David Whyte
- Born: David James Whyte 21 February 1940 Cupar, Scotland
- Died: 25 November 2021 (aged 81) Kirkcaldy, Scotland
- Height: 1.73 m (5 ft 8 in)
- School: Bell Baxter High School
- University: University of St Andrews St Edmund Hall, Oxford

Rugby union career
- Position: Wing

Amateur team(s)
- Years: Team / Apps / (Points)
- Howe of Fife
- –: St Andrews University
- –: Oxford University
- –: Edinburgh Wanderers

Provincial / State sides
- Years: Team / Apps / (Points)
- North and Midlands

International career
- Years: Team / Apps / (Points)
- Scottish Universities
- 1962-67: Barbarians
- 1965-67: Scotland / 13 / (0)

= David Whyte (rugby union) =

Scotland international rugby union player

David Whyte (21 February 1940 – 25 November 2021) was a Scotland international rugby union player. He was also a noted Long Jumper and represented Scotland at the sport.

==Rugby Union career==

===Amateur career===

Whyte went to primary at Castlehill in Cupar, before moving to Bell Baxter High School. He played for the high school side.

He played a few times for Howe of Fife.

He went to St. Andrews University to study English Language and Literature. He played for the University of St Andrews rugby union side and then captained the side.

At Oxford University he studied for a Diploma in Education; and there he earned a blue and played rugby union for Oxford University.

He played for Edinburgh Wanderers.

He was part of their Sevens side which won the Miller Cup in the Edinburgh Charity Sevens of 1966, beating Oxford University in the final.

===Provincial career===

He played for North and Midlands at the school level, before playing for their senior side.

===International career===

He captained the Scottish Universities XV while at St. Andrews and Oxford Universities.
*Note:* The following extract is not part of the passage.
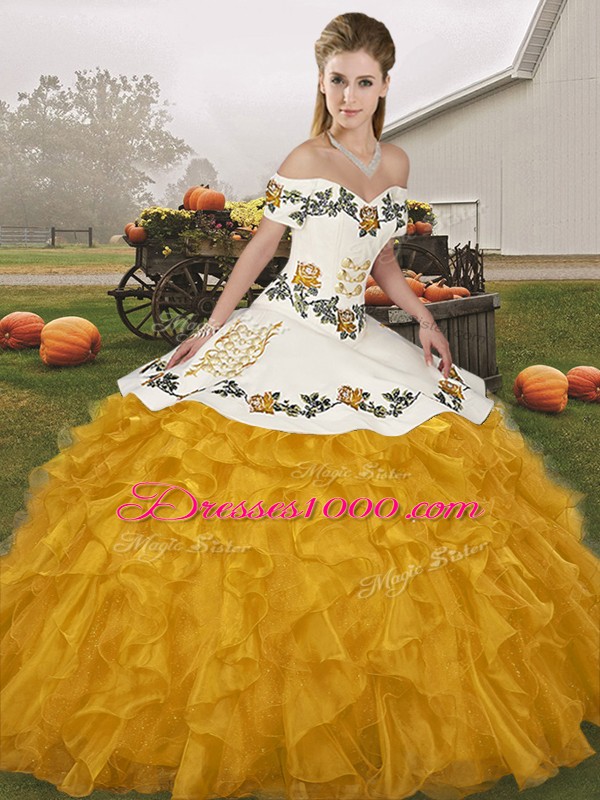 Off The Shoulder Sleeveless Lace Up 15 Quinceanera Dress Gold Organza

He made a Barbarians debut in 1962, before being capped for Scotland.

He received 13 caps for Scotland between 1965 and 1967.

==Athletics career==

===Amateur career===

He represented Dundee Hawkhill Harriers. When he moved to Edinburgh, he then represented the Edinburgh Southern Harriers.

===International career===

He represented both Scotland and Great Britain at the long jump.

He won 3 Scottish Championship titles at long jump; and one at triple jump.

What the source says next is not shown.